Я задавал вопросы об эмигрантских поэтах и слышал в ответ стихи… До сих пор помню это чувство прикосновения к невыразимо – по контрасту – прекрасному миру, для которого чудом нашлось место на земле, а могло и не найтись. Пусть я его не увижу – главное, что он был и продолжает быть. Мне удалось тогда на два или три часа заглянуть во Вторую Россию, никуда не перемещаясь физически.

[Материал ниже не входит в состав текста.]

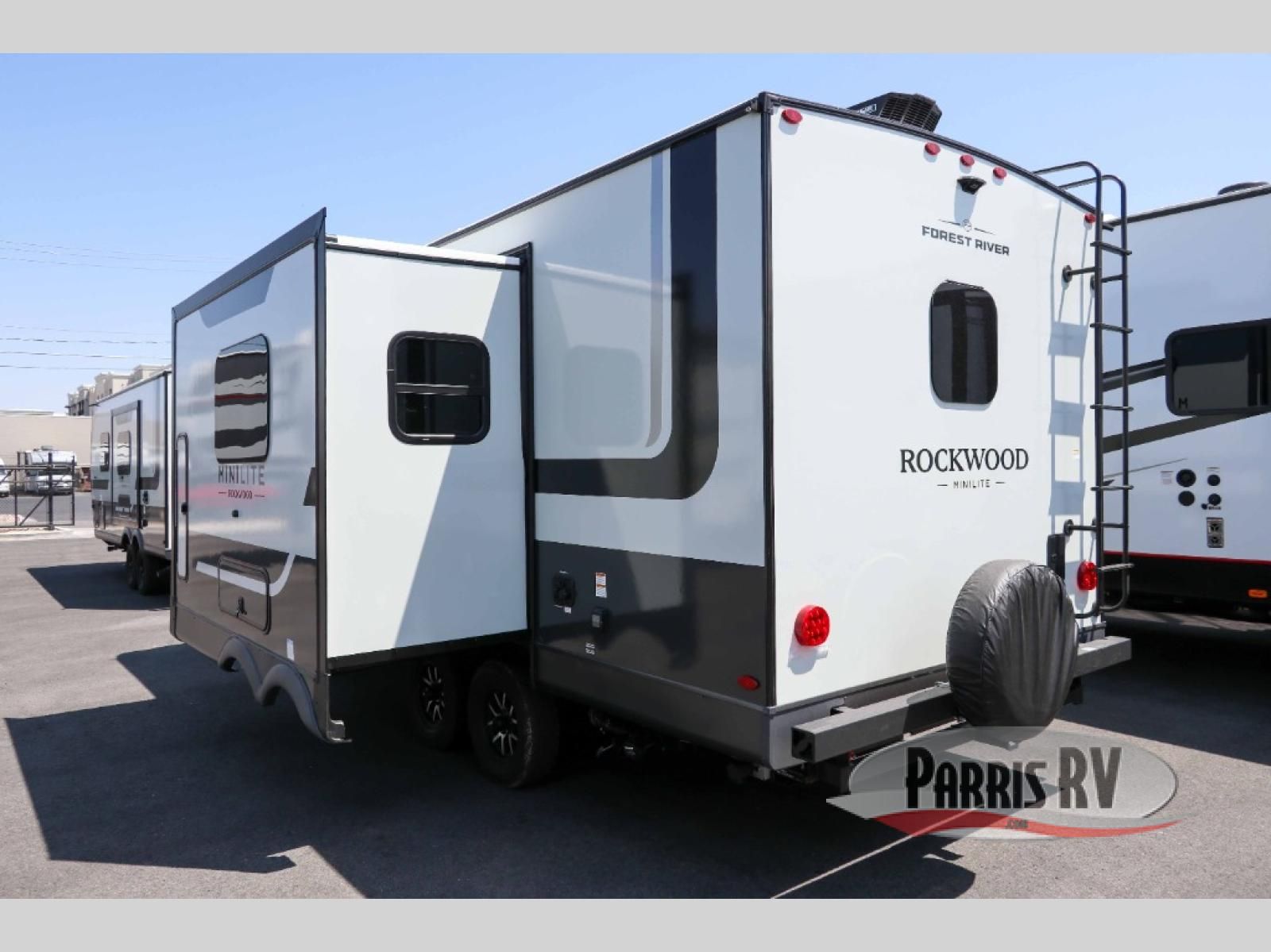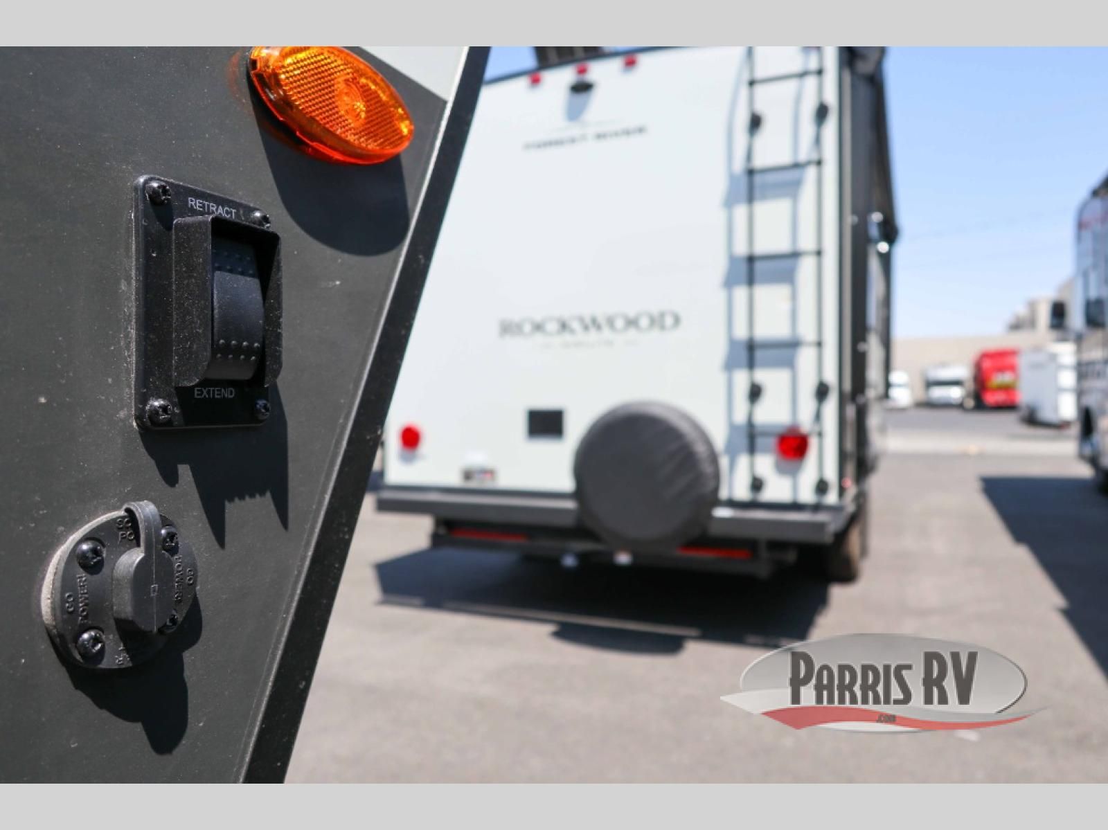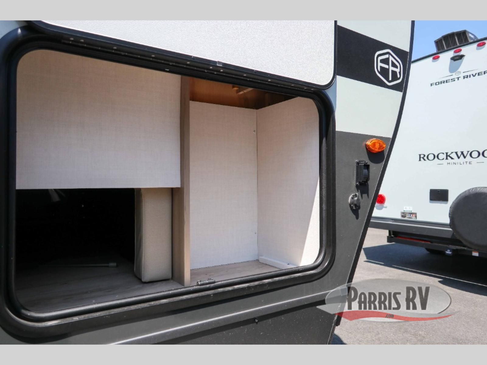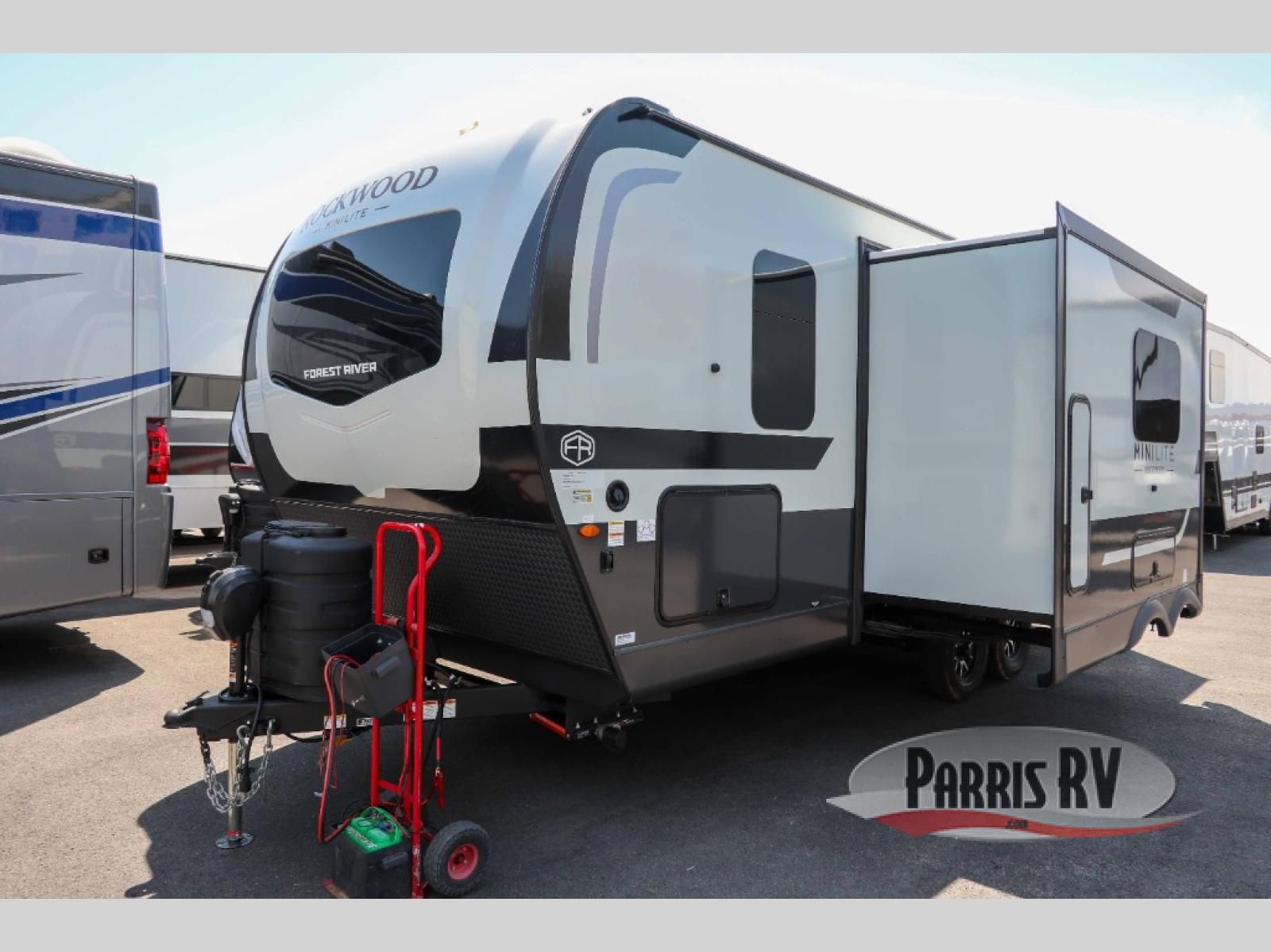 Each Rockwood Mini Lite travel trailer by Forest River is constructed with a fully laminated one-piece walkable roof, sleek frameless windows, and a six-sided full aluminum frame for strength and durability. The 12V thermostatically controlled heated tanks, plus radiant foil in the underbelly will allow you to camp well into the colder months, and the 200W roof solar panel will be perfect for a little off-gridding. Each model includes solid surface kitchen countertops, hidden hinge cabinet doors, roller shades, plus many more interior features. Having an AIR 360+ omnidirectional antenna with WiFi prep on board gives you the option to get some work done if it's needed, and the power tongue jack provides hassle-free set up, so you can enjoy more time relaxing!

Много позже, уже в Москве, у нас сложились наилучшие отношения с Георгием Борисовичем (для друзей Жоржем) Рыбаковым, он репатриировался из Шанхая вместе с пожилой мамой в 1954 году. Именно мама, Лидия Дмитриевна, настояла ехать в СССР, хотя сын был настроен на Канаду. Кем только не был Жорж на вновь обретённой родине! Даже администратором у прославленного Вертинского. А ещё мастером киноэпизода. Из-за выраженно "несоветской" внешности его приглашали сыграть то агента иностранной разведки, то британского дипломата, то белогвардейского полковника.
Из-за выраженно "несоветской" внешности его приглашали сыграть то агента иностранной разведки, то британского дипломата, то белогвардейского полковника
Отвлекусь на такое наблюдение: в долгие годы заката советского кино "белые" становились всё обаятельнее, а "красные" всё более топорными внешне – это как-то складывалось само, никто сверху такого, понятно, не предписывал.
Когда мы познакомились, Жорж был, среди прочего, старостой храма Воскресения Словущего на Ваганьковском кладбище. Он буквально просиял, когда я случайно упомянул, что читал Байкова. Оказалось, "Великий Ван" был любимой книгой его юных лет. Не могу не упомянуть, что Жорж стал крёстным отцом моей дочки Даши.
Я, конечно, забежал вперёд, но единственно ради того, чтобы не разрывать сюжет о КВЖД и репатриантах из Китая. Возвращаюсь к своей второй "красной нити". Следующие, после Байкова, эмигрантские тексты я прочёл лишь через несколько лет, уже студентом. Ольга Юрьевна Пославская, профессор кафедры геоморфологии, под страшным секретом дала мне перепечатанный на машинке сборник поэта Ивана Елагина "Отсветы ночные". До сих пор помню стихи "Мне незнакома горечь ностальгии, мне нравится чужая сторона…", "Отпускаю в дорогу с Богом, отдаю тебя всем дорогам…", "Тут волна ко мне подходит вкрадчивая, камушки у ног переворачивая… Мне отсюда уходить не хочется, море как большое одиночество" и ещё несколько, поэму "Льдина".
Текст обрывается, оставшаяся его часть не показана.